Nutrition Month & Food Insecurity

Nutrition month is typically a time for Canadians to reflect on healthy eating habits and think about new ways to incorporate nutritious foods into their daily meals. Last year, the federal government promoted the revised Canadian Food Guide, which included considerations beyond nutrients, such as: food literacy, food culture and traditions, food availability and sustainability.

This year with the pandemic, BCAHL aims to highlight nutrition month in the context of food insecurity. Food insecurity can be described as the “inadequate or insecure access to food due to financial constraints.” Food insecurity can negatively impact a person’s physical, mental and social health.

Nutritious eating is fundamental to good health, contributes to healthy human development, is important through all stages of life, and reduces the risk of many chronic diseases. In order for British Columbians to eat healthy, balanced meals, we need to ensure that everyone is food secure.
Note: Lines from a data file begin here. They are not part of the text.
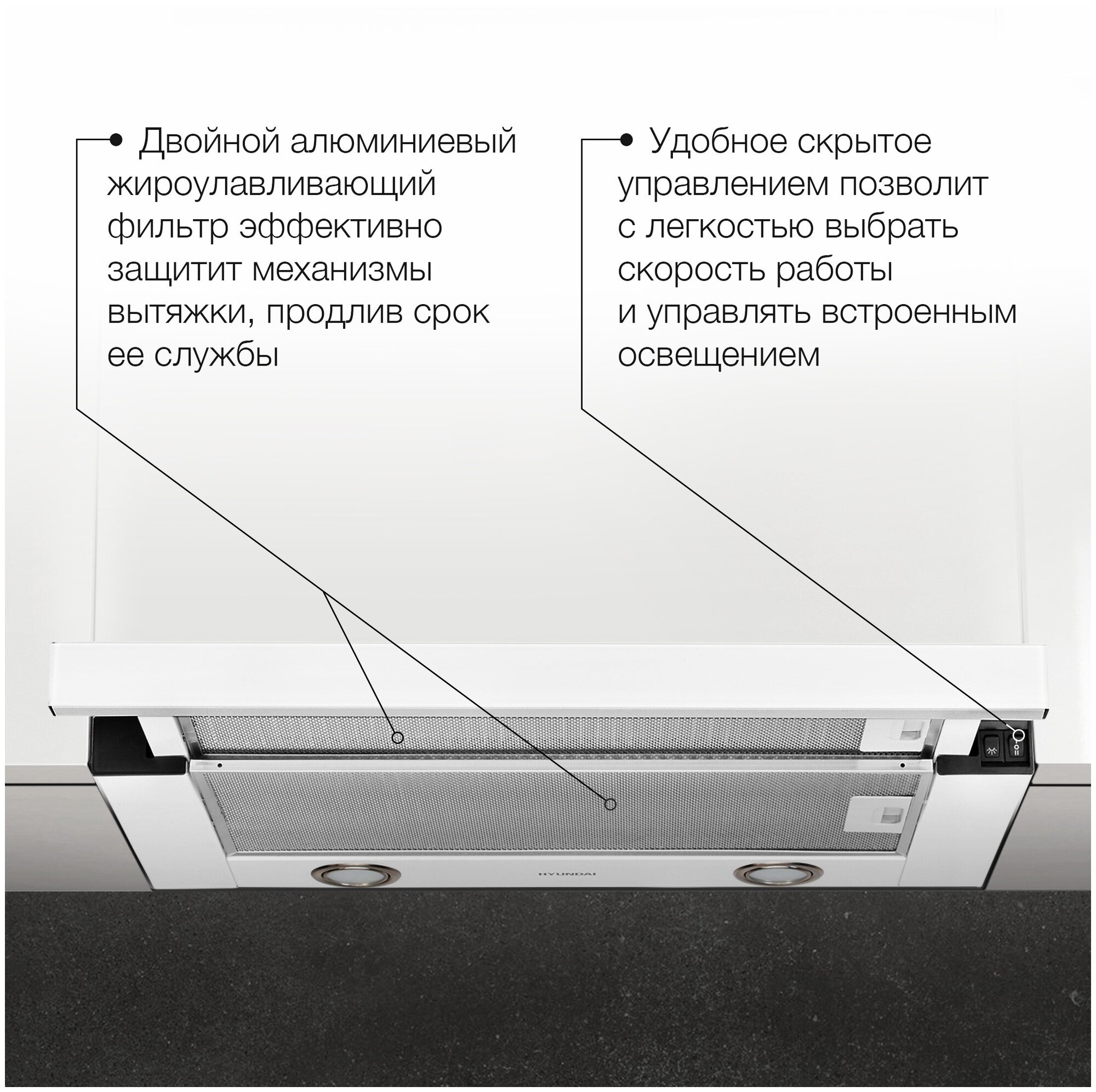 Вытяжка встраиваемая Hyundai HBH 6232 W белый управление: кнопочное (1 мотор)
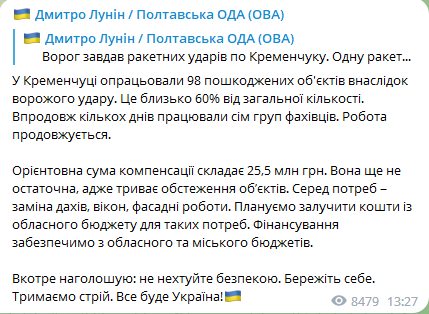 В Кременчуге ракетным ударом 22 сентября были повреждены порядка 150 зданий.
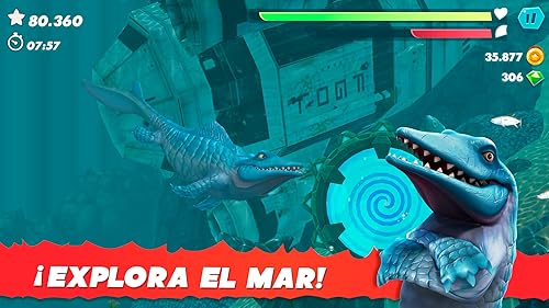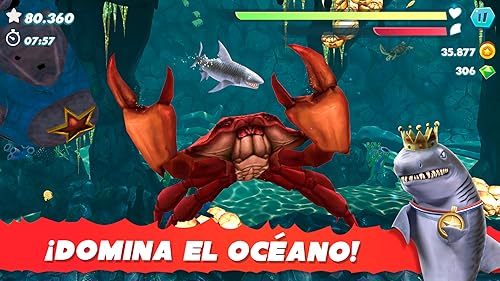 - Avanza por los niveles para desbloquear a las bestias más feroces del mar: al tiburón mako, al tiburón martillo, al tiburón tigre y al todopoderoso tiburón blanco.

Food insecurity is significantly higher during COVID-19, with nearly 15% of Canadians reporting as food insecure compared to 10.5% in 2017/ 2018. Moreover, Canadians living in households with children reported higher rates of food insecurity at nearly 20%, and were more likely to be worried about food running out.

Certain populations most vulnerable to food insecurity include Black and Indigenous peoples, households led by female lone parents, and people who rent their homes. Moreover, when the pandemic hit, workers of colour reported having a hard time paying for basic needs.

BCAHL continues to advance policies which can help people across BC to eat, drink and live healthier. In the context of the pandemic, some of the policies we continue to promote include:

  • Targeted measures to support populations that have been marginalized and disadvantaged due to COVID-19
  • Adjusting Income Assistance support rates to account for the actual cost of fresh and healthy food
  • Actions to improve access to healthy food and food skills in rural and remote communities
  • Ensuring access to quality drinking water. Priority should be given to remote First Nations communities with all levels of government working together to address this issue

The pandemic has accentuated the need for food security measures. We need to continue closing the gaps between inequities to ensure that everyone can lead healthy lives.